MSM reported a net loss in 1Q19, falling short of our and the street’s expectations. Sales declined 12% yoy on the back of lower average selling prices (ASPs), as the supply glut of sugar remains unabated. Earnings were further dragged down by losses arising from the group’s newly set-up Johor plant. Intensified competition on both the local and export fronts continues to weigh on MSM’s prospects, while the local sugar tax imposition poses an additional downside risk. After slashing our earnings estimates, we roll forward our valuation base and arrive at a lower revised TP of RM1.10. Maintain SELL.
MSM slipped into the red in 1Q19, reporting a net loss of RM7.1m (vs net profit of RM15.8m in 1Q18), which was below our and consensus estimates. While volume growth was flattish (+0.9% yoy), we understand that competitive pressures drove ASPs down (-11.8% yoy) amid persistent oversupply in the market, while domestic sales were further plagued by an additional 80-120k/MT of imported sugar from temporary approved permits (AP) issued at end-2018. The LBT of RM19m recorded from its new export-focused Johor refinery – which only went into commercial production in 2Q19 – further weighed upon the group’s profitability.
We expect margins to remain under pressure in the coming quarters, hampered by intensified competition in both local and foreign markets, alongside the weakening Ringgit. For 2019, management has guided that c.84% of raw sugar requirements have been locked in at 13cts/lb, while only half of forex exposure was covered (at US$/RM4.12). The local sugar tax imposition in July further poses a risk to domestic industrial volume sales, which fell 7.4% yoy in 1Q19. In our view, MSM’s turnaround prospects hinge upon a recovery in selling prices and exports from a normalisation of the global sugar supply. That being said, earnings visibility appears dim in the near future.

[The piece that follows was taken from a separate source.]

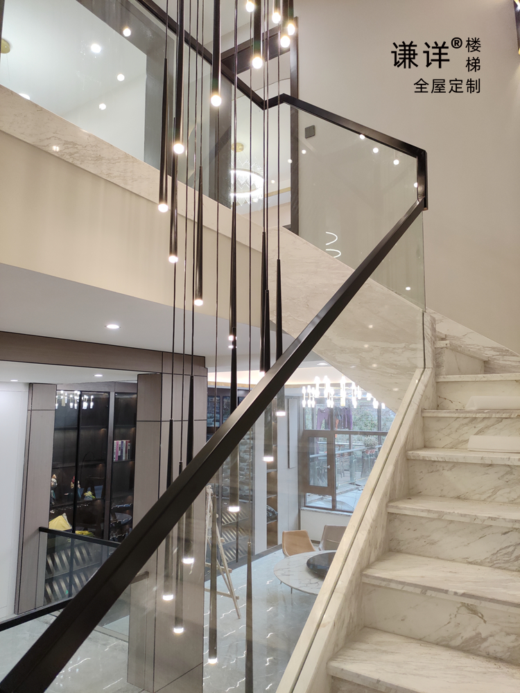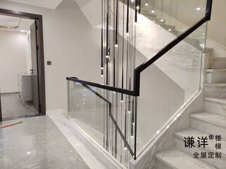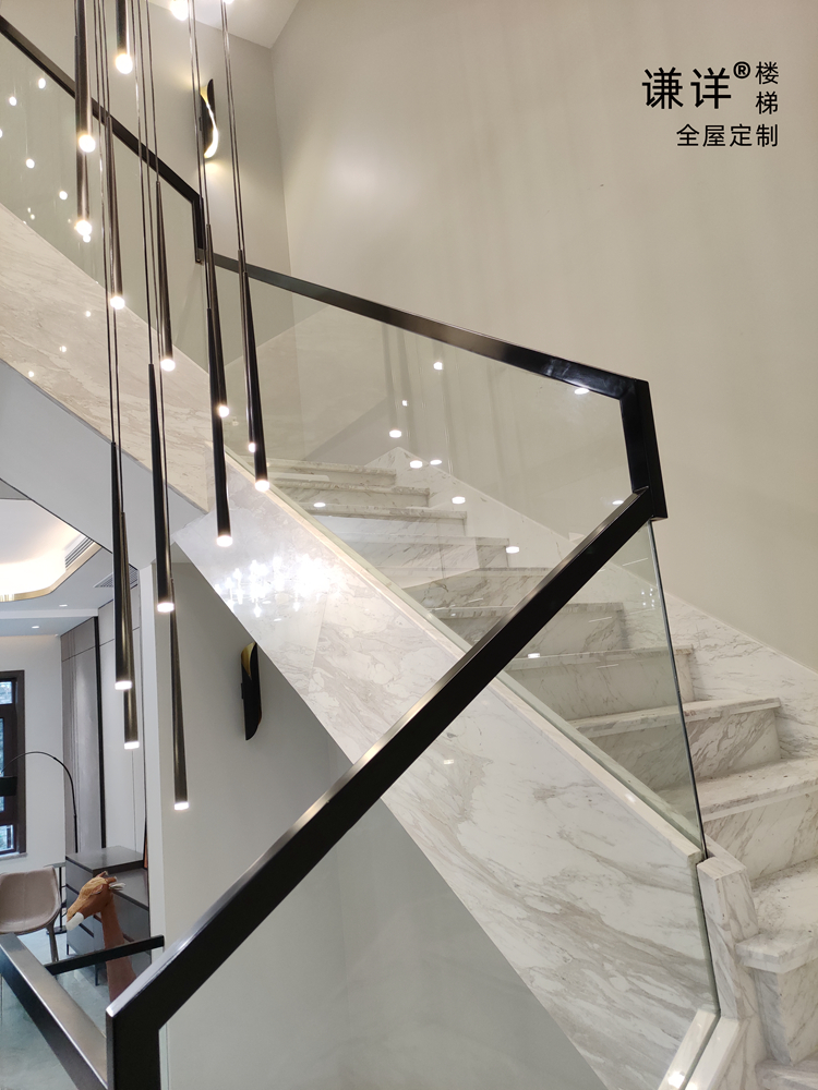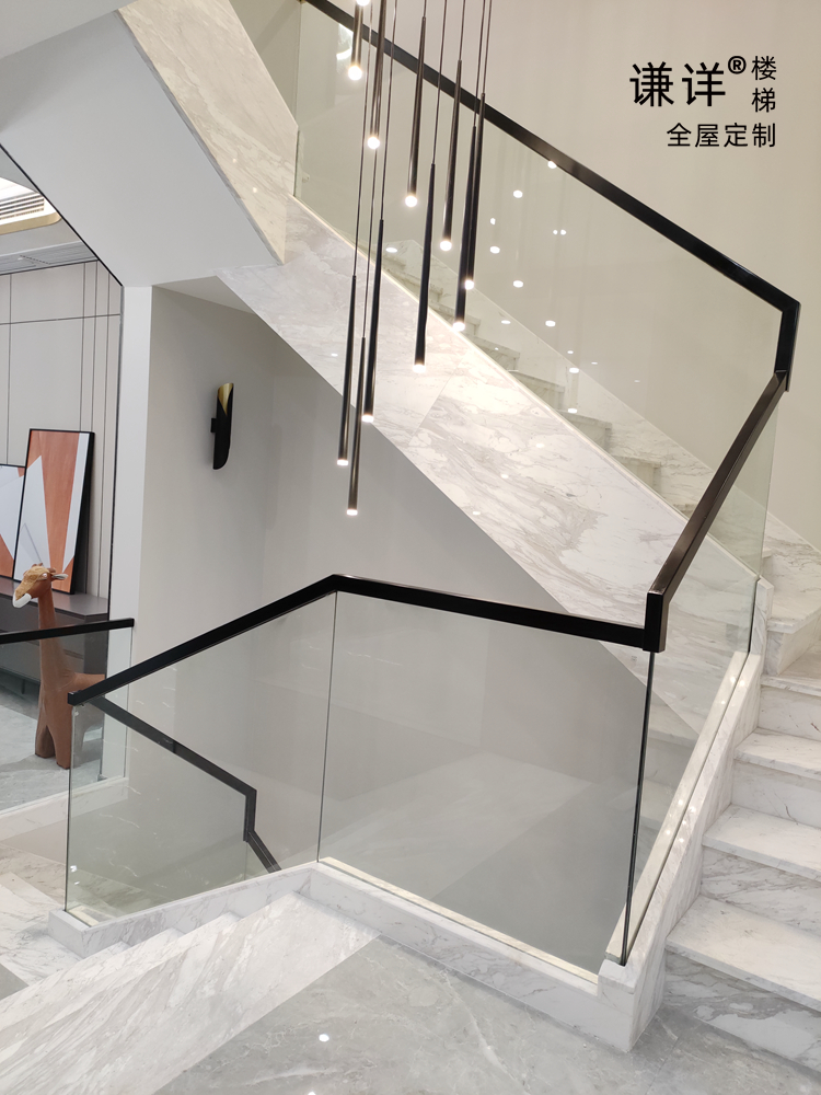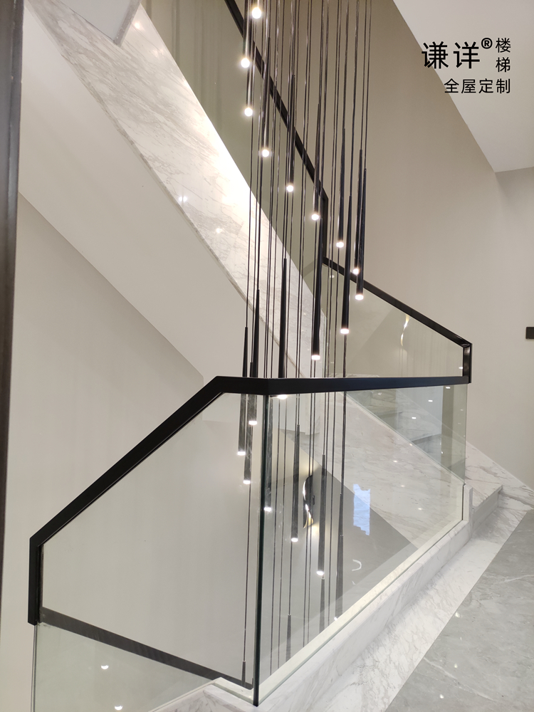 Cầu thang kính Trùng Khánh lan can lan can hiện đại tối giản lan can đá bậc thang ánh sáng sang trọng tùy chỉnh cửa đo và lắp đặt

After incorporating our assumptions for a slower ASP and volume pick-up, we now foresee 2019E to be a loss-making year for MSM. We roll forward our valuation horizon and therefore arrive at a lower TP of RM1.10 based on a 0.4x forward P/BV (2.5sd below 2-year historical average; from 0.8x and 2.0sd). Consequently, we maintain our SELL recommendation on the stock. Upside risks: i) favourable ASPs, ii) stronger-than-expected sugar demand, and iii) abating competition in the export market.